A relaxation of visa requirements has been among the bilateral cooperation accords signed by the Turkish president, Recep Tayyip Erdoğan, and the Greek prime minister, Kyriakos Mitsotakis. The Aegean islands close to Turkey’s western coast have reported a dramatic influx of Turkish tourists this summer, and descendants of Muslim families uprooted in the 1923 population exchange are frequently among those returning to Thessaloniki.
“The climate has much improved,” said Pantelis Filippidis, who heads the commercial association of Thessaloniki. “You hear and see Turkish visitors everywhere and it’s really helped the local economy. The area around Atatürk’s house was very depressed before, but now it’s thriving. On a people-to-people level Greek and Turks get along wonderfully. Trade unites; all the rest is political games.”
But under Erdoğan, Turkey’s most influential leader since Atatürk, many of the reforms have been reversed, with the ruling Islamist-rooted AKP party lifting restrictions on religious education and allowing headscarves to return to the public domain as both have moved to change the character of the country.

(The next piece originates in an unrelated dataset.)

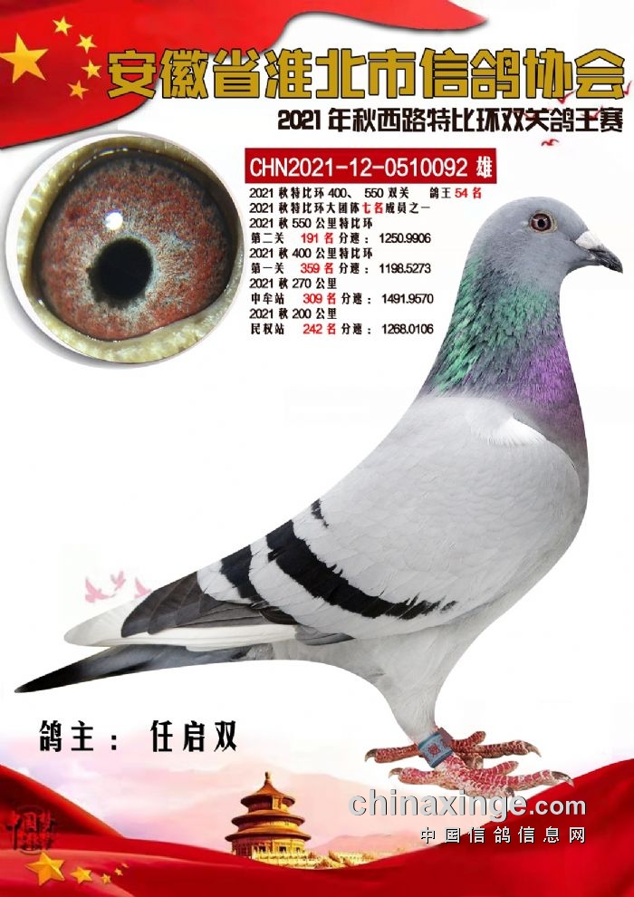 淮北市信鸽协会2021秋特比环优胜鸽51-55名
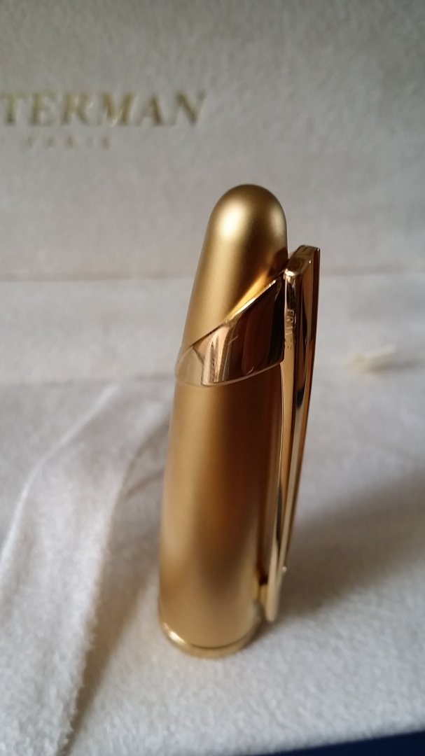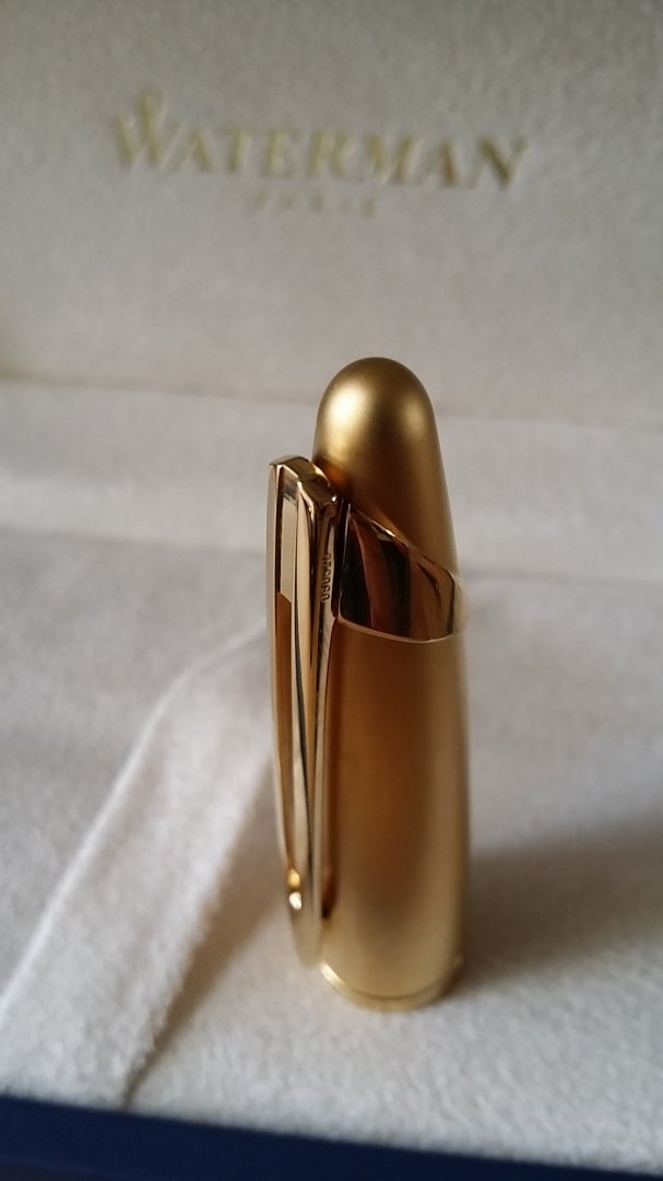 Phần nắp rất nặng, được ghi chú vàng 23k. Hoàn thiện bề mặt mờ mịn hoàn hảo. Rất cứng khi giắt trong túi áo, một điều an toàn cần thiết để giữ cho cây bút nặng.

By contrast, Atatürk had ensured that, before their short-lived liaison dissolved, his wife, Latife, who had studied law in Europe and was fluent in English and French, donned western attire as the embodiment of the social reforms he so cherished. One of his adopted daughters, Sabiha Gökçen, became the world’s first female fighter pilot.
“For many Turks there is a fear that many of Atatürk’s reforms are under attack because of Erdoğan’s more pious policies,” said Ifantis. “There is no denying that [Atatürk] is very much a part of the DNA of modern Turkey but the country is changing, and that may play a role in so many people now wanting to visit his birthplace.”